I have a collection that is shaped like this:
[
{
_id: ObjectId("5d8e8c9b8f8b9b7b7a8b4567"),
tags: {
language: [ 'en' ],
industries: [ 'agency', 'travel' ],
countries: [ 'ca', 'us' ],
regions: [ 'north-america' ],
}
},
{
_id: ObjectId("5d8e8c9b8f8b9b7b7a8b4568"),
tags: {
language: [ 'en', 'fr' ],
industries: [ 'travel' ],
countries: [ 'ca' ]
}
},
{
_id: ObjectId("5d8e8c9b8f8b9b7b7a8b4569"),
tags: {
language: [ 'en' ],
industries: [ 'agency', 'travel' ],
countries: [ 'ca', 'us' ],
regions: [ 'south-america' ]
}
},
]
and I would like to generate this as a result...
{
//* count of all documents
"count": 3,
//* count of all documents that contain any slug within the given category
"countWithCategorySlug": {
"language": 3,
"industries": 3,
"countries": 3,
"regions": 2
},
//* per category: count of documents that contain that slug in the givin category
"language" {
"en": 3,
"fr": 1
},
"industries" {
"agency": 2,
"travel": 3,
},
"countries" {
"ca": 3,
"us": 2
},
"regions" {
"north-america": 1,
"south-america": 1
}
}
super stuck so any help would be appreciated. :)

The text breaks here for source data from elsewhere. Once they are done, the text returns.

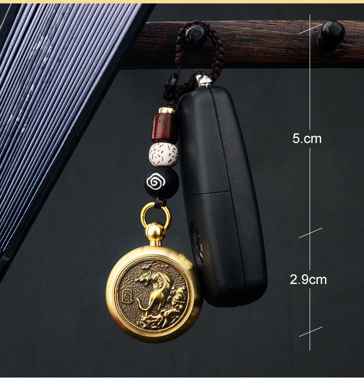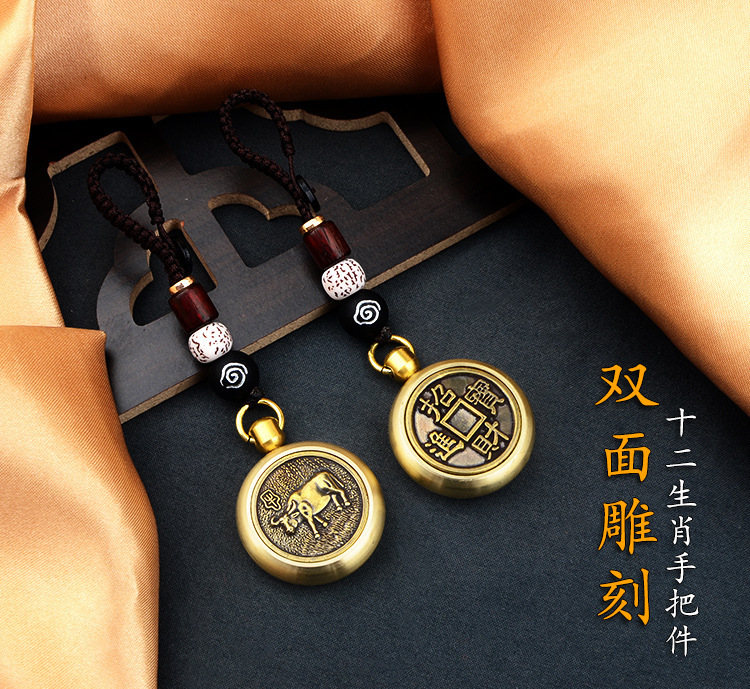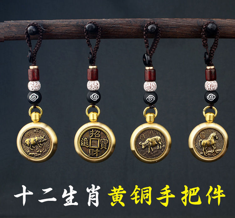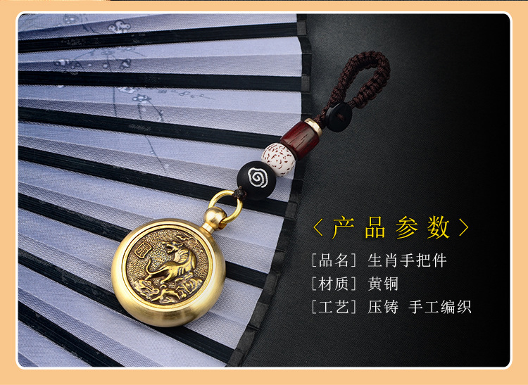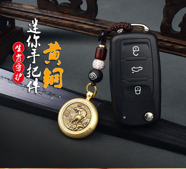真鍮十二支回転式ハンドピース、手編み祥雲紐、車のキーホルダー、男性用装飾品卸売
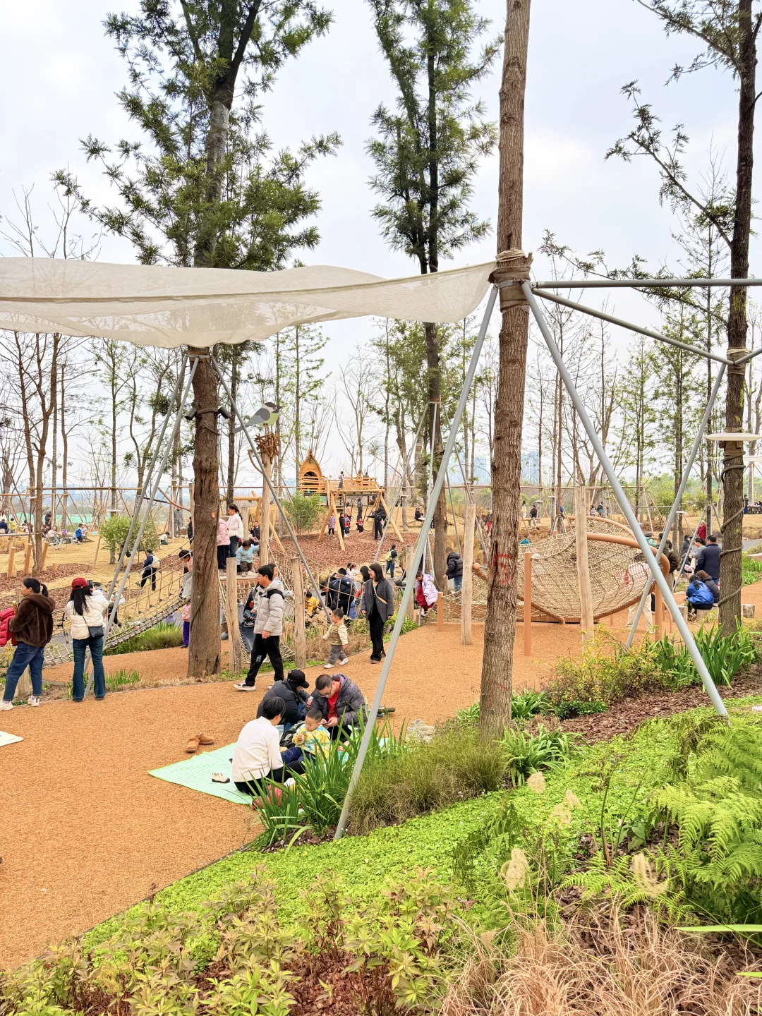 ✅超多的休息木桩和大人可躺的吊床,还可以在轻露营🏕️还有一个毛茸茸乐园,可以带宠物一起玩,旁边还有大草坪➕野营区小朋友滑梯🛝等等
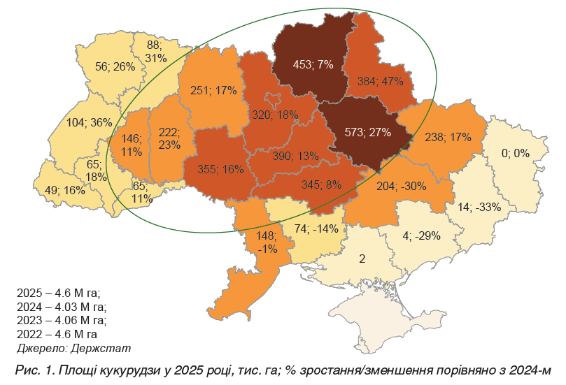 На рисунку 1 видно, що найбільші площі кукурудзи сконцентровані в Полтавській, Чернігівській, Черкаській, Кіровоградській, Вінницькій областях. Сезон-2025 ознаменувався стабілізацією площ під кукурудзою та поверненням її на історичні території: зменшення площ на півдні та сході компенсувалося збільшенням у центрі та на заході. Диверсифікація експортних шляхів, стабілізація на ринку енергоносіїв та вдосконалення логістики сприятимуть подальшому поверненню площ кукурудзи на довоєнний рівень.

The number of categories is unknown and I have a code solution that queries the list of disctint categories and slugs then for each one generates a $group stage... The resultant query is excessively big and there needs to be a better way... problem is that I have absolutely no idea on how to optimize it...
CodePudding user response:
Query
- the first part before the facet is done to seperate them and make for each value 1 document like
[{
"type": "language",
"value": "en",
"_id": ObjectId("5d8e8c9b8f8b9b7b7a8b4567")
},
{
"type": "industries",
"value": "agency",
"_id": ObjectId("5d8e8c9b8f8b9b7b7a8b4567")
},
{
"type": "industries",
"value": "travel",
"_id": ObjectId("5d8e8c9b8f8b9b7b7a8b4567")
},
{
"type": "countries",
"value": "ca",
"_id": ObjectId("5d8e8c9b8f8b9b7b7a8b4567")
}]
- and then facet with 3 fields and count the documents
- and after than transformations to have data on keys like the expected output
ggregate(
[{"$set": {"tags": {"$objectToArray": "$tags"}}},
{"$set":
{"tags":
{"$map":
{"input": "$tags",
"in": {"type": "$$this.k", "value": "$$this.v", "_id": "$_id"}}}}},
{"$unwind": "$tags"},
{"$replaceRoot": {"newRoot": "$tags"}},
{"$unwind": "$value"},
{"$facet":
{"count":
[{"$group": {"_id": null, "count": {"$addToSet": "$_id"}}},
{"$set": {"count": {"$size": "$count"}}}],
"category":
[{"$group": {"_id": "$type", "count": {"$addToSet": "$_id"}}},
{"$set": {"count": {"$size": "$count"}}}],
"values":
[{"$group":
{"_id": "$value",
"type": {"$first": "$type"},
"values": {"$addToSet": "$_id"}}},
{"$set": {"values": {"$size": "$values"}}},
{"$group":
{"_id": "$type",
"values":
{"$push":
{"type": "$type", "value": "$_id", "count": "$values"}}}}]}},
{"$set":
{"count":
{"$getField":
{"field": "count", "input": {"$arrayElemAt": ["$count", 0]}}},
"category":
{"$arrayToObject":
[{"$map":
{"input": "$category",
"in": {"k": "$$this._id", "v": "$$this.count"}}}]},
"values":
{"$arrayToObject":
[{"$map":
{"input": "$values",
"in":
{"k": "$$this._id",
"v":
{"$arrayToObject":
[{"$map":
{"input": "$$this.values",
"in": {"k": "$$this.value", "v": "$$this.count"}}}]}}}}]}}}])
Outputs
[{
"count": 3,
"category": {
"countries": 3,
"industries": 3,
"regions": 2,
"language": 3
},
"values": {
"regions": {
"south-america": 1,
"north-america": 1
},
"countries": {
"us": 2,
"ca": 3
},
"language": {
"fr": 1,
"en": 3
},
"industries": {
"agency": 2,
"travel": 3
}
}
}]